Joyce Bova, who started dating Elvis not too long before he met Barbara Leigh, naively believed their relationship
was
exclusive and entertained the thought that she and Elvis might even marry someday. Kathy Westmoreland, a pretty brunette from Abilene, Texas, who became his backup singer in 1970, had a similarly bittersweet romance, beginning roughly around the same time. “Actually, Kathy had a very, very serious time with Elvis,” said Myrna Smith of the Sweet Inspirations, “because he was the first man she slept with, so she went through a difficult time. Because she actually believed that when Elvis told her he loved her he meant ‘I love you’—as in a relationship. Elvis loved
all
of us.”

Elvis told Barbara Leigh that the spiritual dimension was missing from his relationship with Priscilla. Kathy Westmoreland was a kindred spirit. “I knew nothing about him,” Kathy said of her first days as Elvis’s backup singer in the summer of 1970. “I had no idea he was such a special person. I was so surprised by that, and how talented he was, until I saw him live and saw he had a thousand times the charisma that the majority of stars that I worked with before had. He had this gift—even though he was an untrained singer—he had this glorious gift of interpreting songs, and style. I had put him in this niche of rockabilly, and I had no idea that he was interested in such a variety of music.” Kathy, like Priscilla, had a childhood connection to Mario Lanza, Elvis’s musical idol. “One of the first conversations we had was about Mario Lanza,” Kathy recalled. “My father had sung in
some movies with him, and [Elvis] knew the movies—scene by scene what had happened. That surprised me too.”

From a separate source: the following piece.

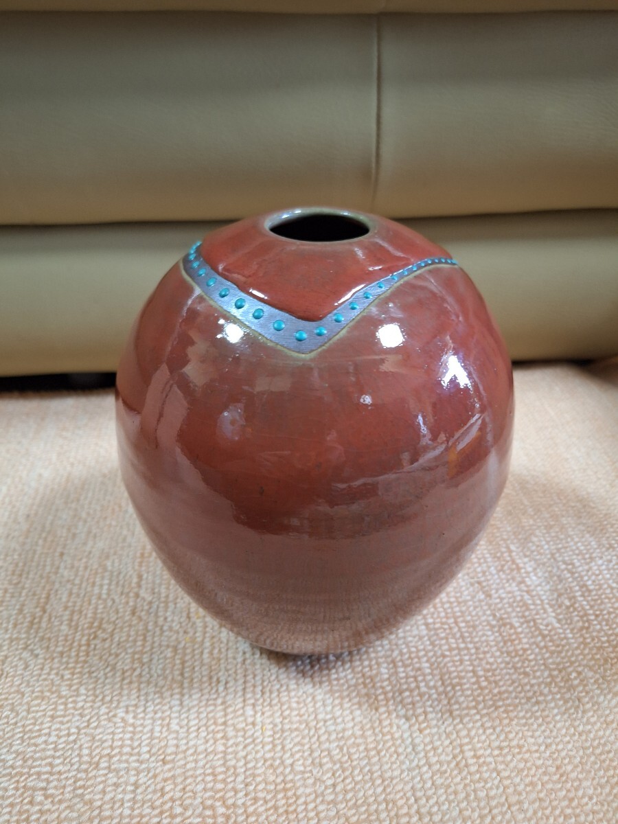 - 虫明焼、黒井千左、辰砂青点文花入

Kathy understood what Priscilla seemed to disdain: Elvis’s great attraction to the spiritual realm. “We carried around a lot of the same books,” she said. “Our relationship began with the metaphysical and spiritual aspects in life. We both were concerned with truth, you might call it. To me it wasn’t strange at all; it was very healthy. He was surrounded by a lot of people who had no understanding of that. That’s what drew me to him.” Kathy related to Elvis’s quest to understand why he had been given this great power over people. “He had questions and went to great lengths to study and find out what the truth was, and [he] came back to the thought that ‘This is nothing I am ever going to find the answer to,’ and [so he would] just rely on faith. Maybe that’s why he had such a great love and empathy for people, for any living thing or creature. And his love of God. He was a Christian, but he had an extended awareness and thought out those answers. He continued to think out those answers.”